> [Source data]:

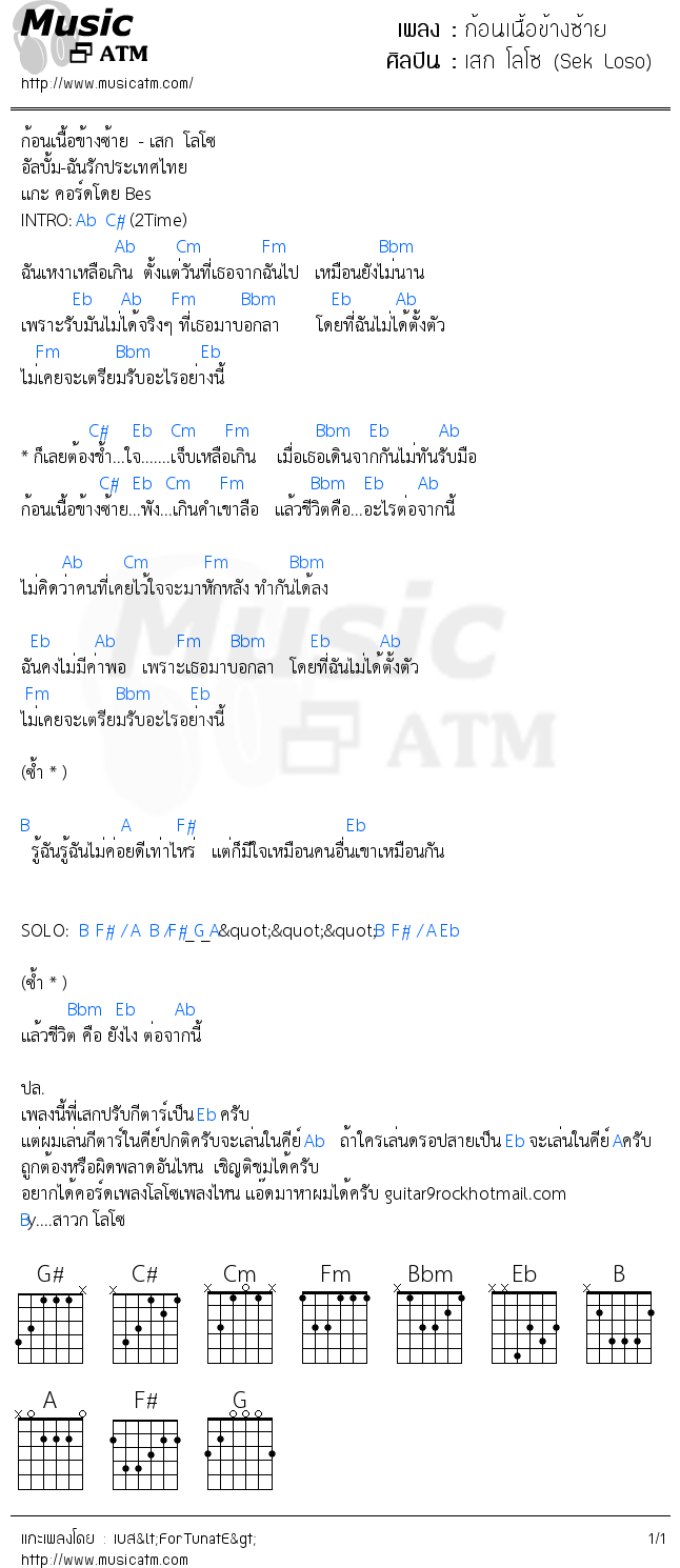 คอร์ดเพลง ก้อนเนื้อข้างซ้าย – เสก โลโซ (Sek Loso) – คอร์ดเพลงใหม่.
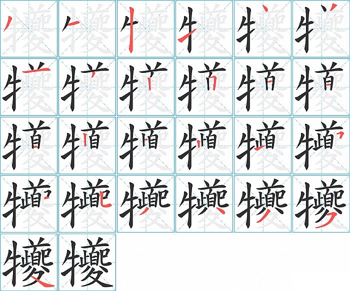 犪是左右结构,犪的部首是“牜”,部外笔画21画,总笔画25画,犪的笔画顺序是“撇、横、竖、提、点、撇、横、撇、竖、横折、横、横、横、竖、横、竖、提、横折、横、竖弯钩、撇、点、撇、横撇/横钩、捺”。看看“犪”字什么意思 >>
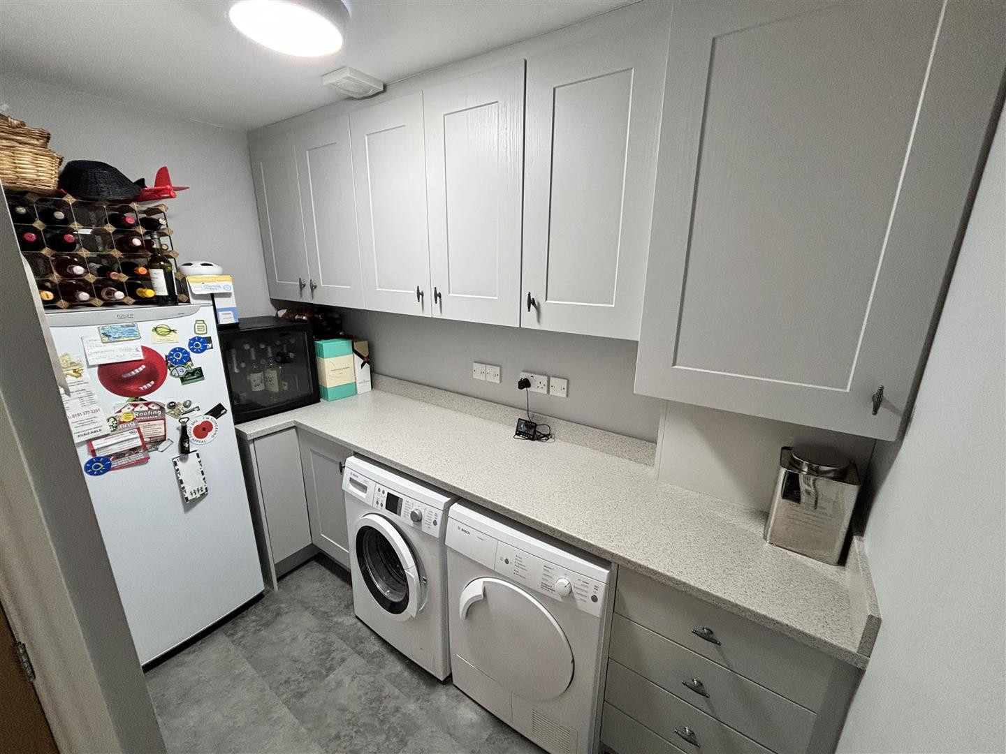 The current owners have created a very useful utility room to the rear of the garage, which is accessed from the hallway. Having a range of wall and floor units with contrasting worktops, plumbing for a washing machine, space for a tumble dryer, a fridge/freezer space, an extractor fan and radiator. Also housing the combi gas central heating boiler.
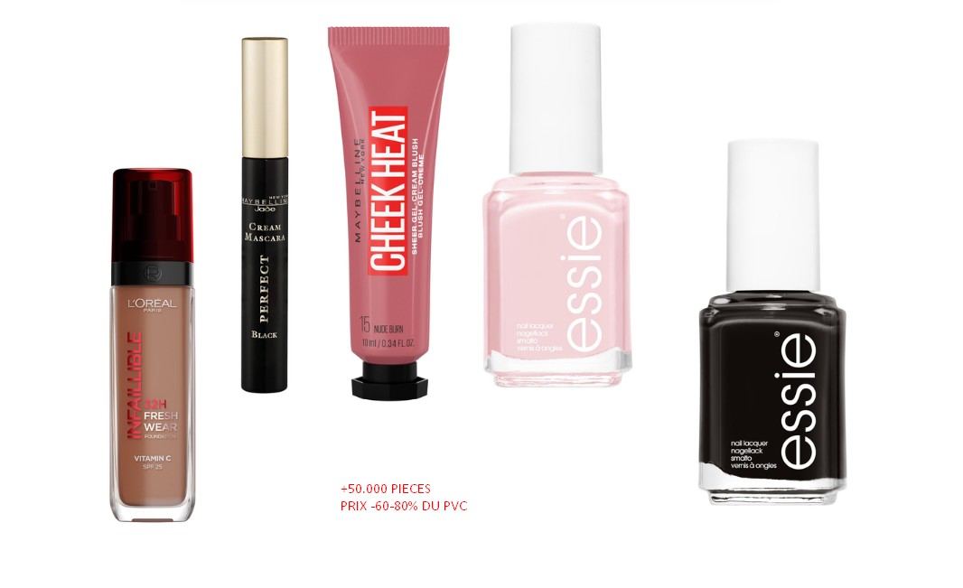 Nous vendons actuellement un lot complet de produit de chez L'Oréal avec les marques ( Maybelline, Essie, L'Oreal Paris ).
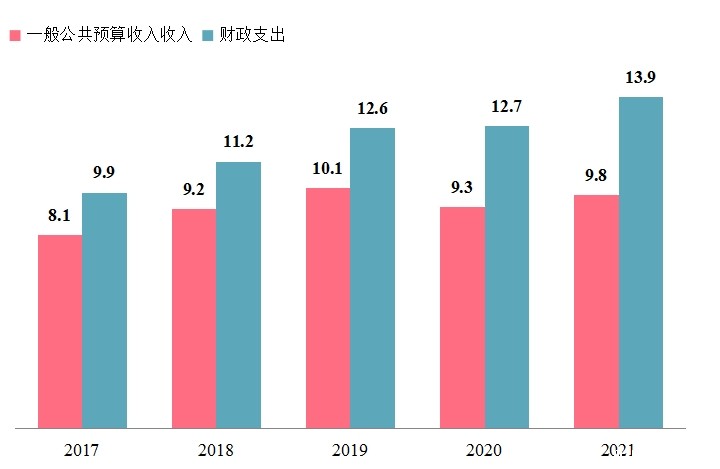 2021年,累计完成一般公共预算收入9.8亿元,增长5.4%,其中:增值税完成3.9亿元,下降2.0%。

> [Aim of the task]:
Nothing but the text is wanted: repeat the data above exactly, without its images.

> [Output]:
 คอร์ดเพลง ก้อนเนื้อข้างซ้าย – เสก โลโซ (Sek Loso) – คอร์ดเพลงใหม่.
 犪是左右结构,犪的部首是“牜”,部外笔画21画,总笔画25画,犪的笔画顺序是“撇、横、竖、提、点、撇、横、撇、竖、横折、横、横、横、竖、横、竖、提、横折、横、竖弯钩、撇、点、撇、横撇/横钩、捺”。看看“犪”字什么意思 >>
 The current owners have created a very useful utility room to the rear of the garage, which is accessed from the hallway. Having a range of wall and floor units with contrasting worktops, plumbing for a washing machine, space for a tumble dryer, a fridge/freezer space, an extractor fan and radiator. Also housing the combi gas central heating boiler.
 Nous vendons actuellement un lot complet de produit de chez L'Oréal avec les marques ( Maybelline, Essie, L'Oreal Paris ).
 2021年,累计完成一般公共预算收入9.8亿元,增长5.4%,其中:增值税完成3.9亿元,下降2.0%。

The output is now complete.